● Goal of the exercise:
Going line by line through the records below, count those containing the word "with", then give only the count.

● Data records:
——
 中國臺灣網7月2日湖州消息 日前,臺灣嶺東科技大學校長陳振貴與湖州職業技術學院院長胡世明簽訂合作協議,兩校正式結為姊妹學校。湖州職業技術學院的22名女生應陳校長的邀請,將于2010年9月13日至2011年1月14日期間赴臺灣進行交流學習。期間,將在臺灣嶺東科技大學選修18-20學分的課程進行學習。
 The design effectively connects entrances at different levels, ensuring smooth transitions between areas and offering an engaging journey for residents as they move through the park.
——
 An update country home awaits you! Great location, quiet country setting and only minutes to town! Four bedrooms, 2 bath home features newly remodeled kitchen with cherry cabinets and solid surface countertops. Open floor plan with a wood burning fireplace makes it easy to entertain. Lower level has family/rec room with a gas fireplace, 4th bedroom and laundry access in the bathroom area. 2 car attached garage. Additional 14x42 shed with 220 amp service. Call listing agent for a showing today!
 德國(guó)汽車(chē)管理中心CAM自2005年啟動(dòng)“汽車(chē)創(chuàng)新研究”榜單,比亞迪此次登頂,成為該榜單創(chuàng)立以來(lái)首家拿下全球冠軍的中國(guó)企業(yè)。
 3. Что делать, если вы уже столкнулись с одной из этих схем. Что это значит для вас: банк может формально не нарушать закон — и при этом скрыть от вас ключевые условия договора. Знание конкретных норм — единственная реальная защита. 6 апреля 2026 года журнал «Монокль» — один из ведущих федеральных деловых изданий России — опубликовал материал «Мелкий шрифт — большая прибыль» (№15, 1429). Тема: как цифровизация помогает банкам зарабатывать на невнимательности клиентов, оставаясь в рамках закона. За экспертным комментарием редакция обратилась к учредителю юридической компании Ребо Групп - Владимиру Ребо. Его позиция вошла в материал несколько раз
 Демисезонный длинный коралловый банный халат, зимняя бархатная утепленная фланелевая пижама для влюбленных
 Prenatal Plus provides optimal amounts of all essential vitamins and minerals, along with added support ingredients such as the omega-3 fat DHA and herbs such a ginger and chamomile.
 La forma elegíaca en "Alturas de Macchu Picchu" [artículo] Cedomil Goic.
——
● Written solution:
2